A few members of the public showed up at last week’s city council meeting to speak out against a tax increase, and some councilmembers voiced their opposition as well.

“I’m not going to (vote to) raise taxes this year,” Councilmember Bret Rohde said. “I think we hire a fire chief and let them figure out how to make this work for a year. Maybe we can get some things going on recruiting. If we have them here 40 hours a week, we will be able to come up with what they need.”

Councilmember Lyle Vance said the city should be able to look into the budgets for each department and come up with the savings necessary to fund the fire department. He suggested an incentive program in which employees who come up with ways to save money would receive a portion of the cost savings as a bonus.

“I don’t think anything is frivolous, but I do believe everybody can take a look at their budgets and find ways to cut,” Vance said. “Pay them two percent of whatever they save, and there’s going to be ideas coming out of the woodwork.”

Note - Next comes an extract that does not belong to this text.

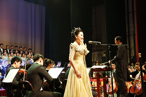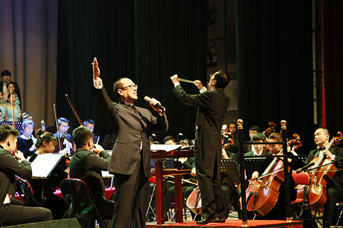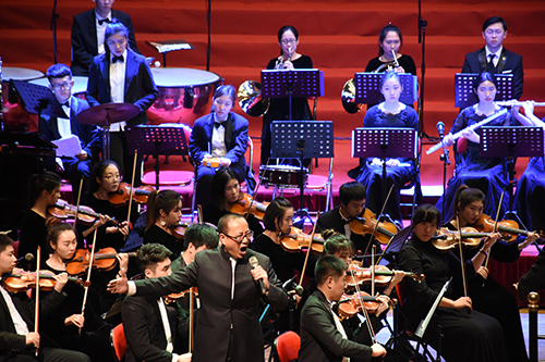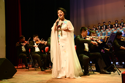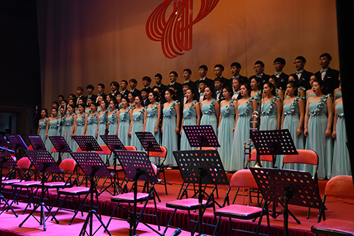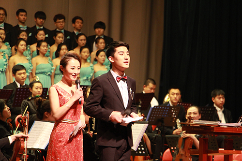 男中音独唱《为你歌唱》和女高音独唱《江山》在艺术学院交响乐团的伴奏下,以高亢的曲调祝福祖国繁荣昌盛。“我是你昨天的记忆如歌,我是你明天的锦绣如画。”校歌《岁月如歌》回荡耳畔,台上台下齐声合唱,激发了师生们的爱校情怀。
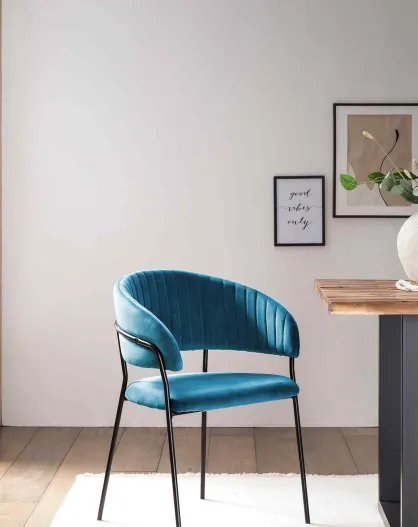 Fever - Samtstuhl mit türkis/schwarzer Rückenpolsterung - 55x50x80 cm

He said the timing of a property tax increase wouldn’t be good right now since Tremonton residents are already paying higher property taxes due to a county reassessment of the area last year, and are also paying more for water with the installation of the new secondary water system — all of which is happening in the midst of an economic downturn associated with the COVID-19 pandemic.

“We need to go backwards and say we’ve done all we can as a city to cut expanses before we go out and ask the citizens to pay more taxes, especially with the water changes and county doing their adjustment last year,” he said.

As the fire department continues to see the number of calls for emergency responses increase every year, the city council will likely have to revisit the staffing issue next year, and some say the property tax question is likely to be on the table in the future.

“Safety has to be number one,” Councilmember Connie Archibald said. “I think eventually we’ll have to move in this direction. Tremonton is going to have to hire some people to take care of our safety.”

Mayor Roger Fridal said that while the eventual solutions might be painful, “we’ll come up with what we think is best for Tremonton.”